▶ Collected data:
#####
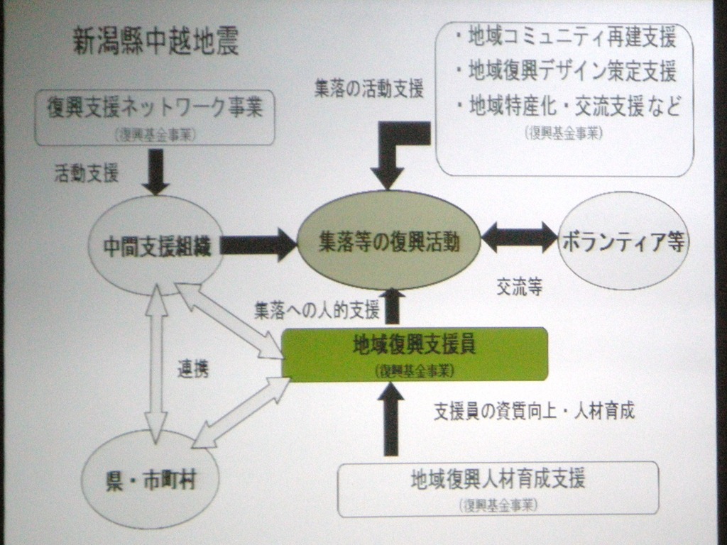 新潟縣中越大地震的地域復興支援員計畫。(畫面翻攝自福留邦洋論壇現場簡報)
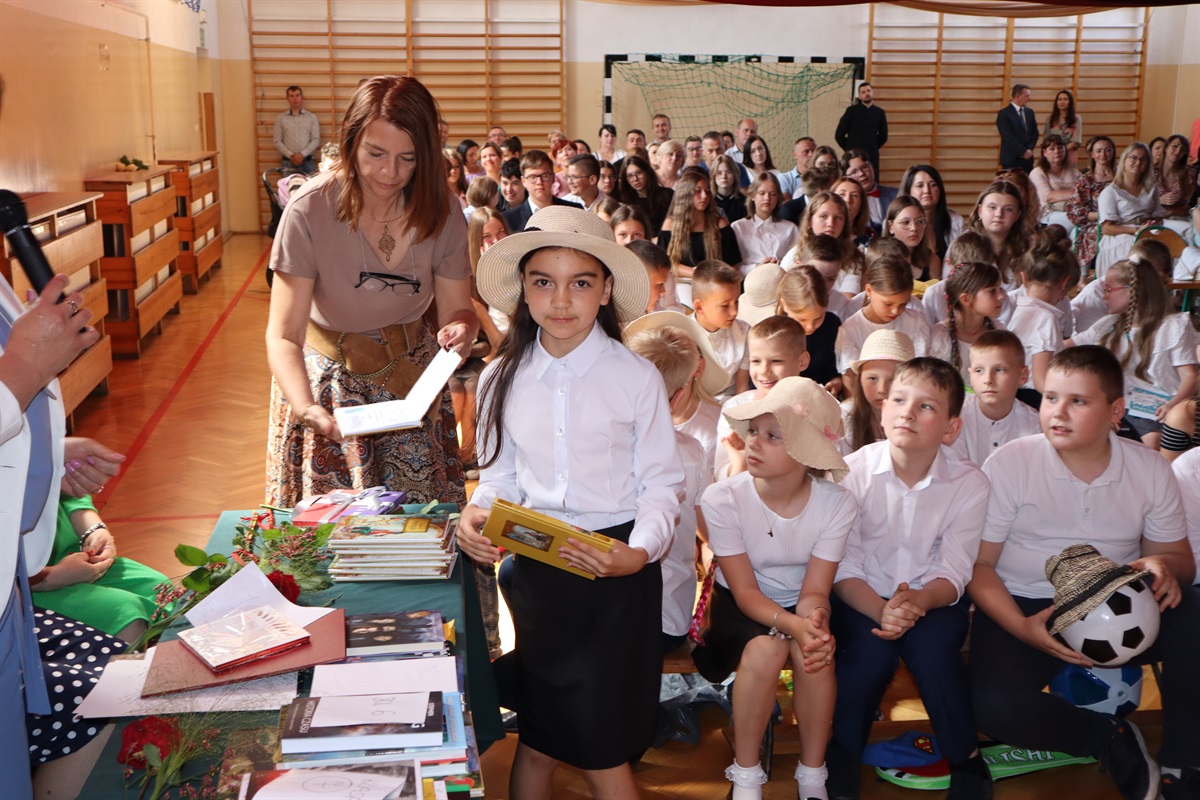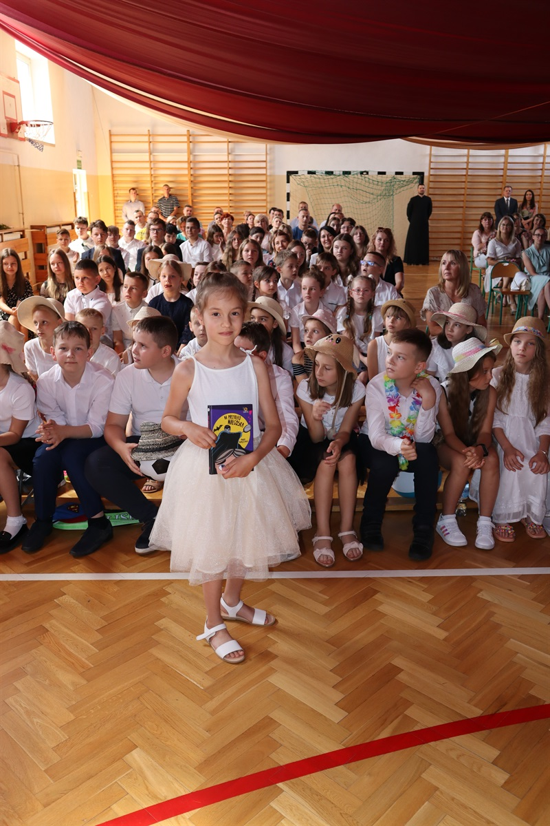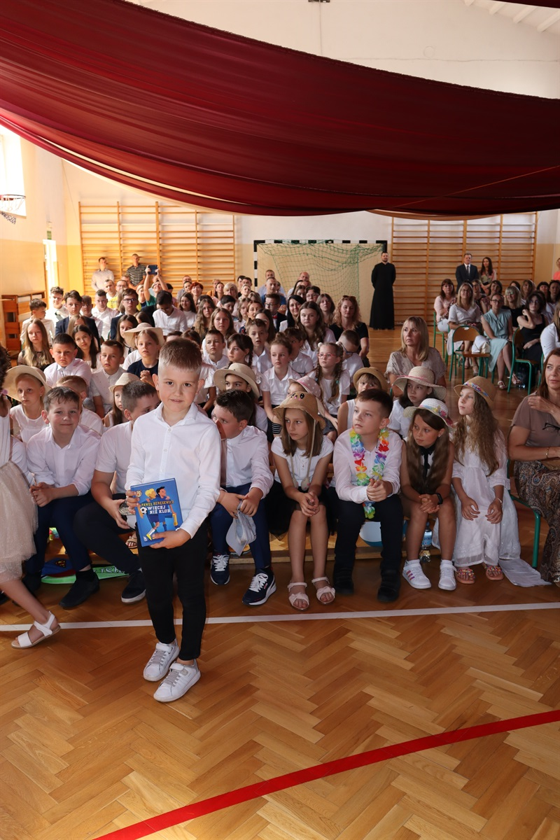 Zajęcia w roku szkolnym 2021/2022 dobiegły końca. Przed zasłużonymi wakacjami uczniowie odebrali świadectwa. Na tę uroczystość do Szkoły Podstawowej w Srocku przybyli uczniowie, rodzice, pracownicy szkoły i zaproszeni goście: Wójt Gminy Marceli Piekarek, ksiądz proboszcz Mariusz Staszczyk, radni Henryk Jończyk i Jacek Kozakowski oraz związane na co dzień ze szkołą panie Olga Małgorzaciak- przewodnicząca Rady Rodziców, a także Sylwia Dębska- prezes Stowarzyszenia Szkoła w Srocku.
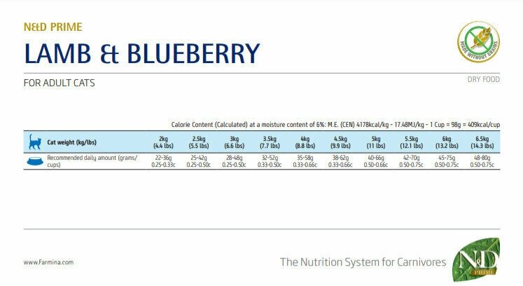 Лучшие цены. Farmina N&D CAT Lamb & Blueberry Adult Фармина Ягненок с черникой - полнорационный беззерновой корм для взрослых кошек Линейка Natural&Delicious (N&D) производства итальянской компании Farmina Pet Foods преимущественно из итальянских ингредиентов. Почему беззерновой? Эволюционно и собаки, и кошки - это хищники, их анатомия такова, что диета должна по сути быть плотоядной. От диких предков нашим домашним любимцам досталось 99,8% генетического кода. Магазины в вашем городе.
#####
▶ Problem to work on: Leave out any pictures, please, and quote only the lines from the top of the data through the line that contains "Zajęcia w roku".

▶ Task response:
 新潟縣中越大地震的地域復興支援員計畫。(畫面翻攝自福留邦洋論壇現場簡報)
 Zajęcia w roku szkolnym 2021/2022 dobiegły końca. Przed zasłużonymi wakacjami uczniowie odebrali świadectwa. Na tę uroczystość do Szkoły Podstawowej w Srocku przybyli uczniowie, rodzice, pracownicy szkoły i zaproszeni goście: Wójt Gminy Marceli Piekarek, ksiądz proboszcz Mariusz Staszczyk, radni Henryk Jończyk i Jacek Kozakowski oraz związane na co dzień ze szkołą panie Olga Małgorzaciak- przewodnicząca Rady Rodziców, a także Sylwia Dębska- prezes Stowarzyszenia Szkoła w Srocku.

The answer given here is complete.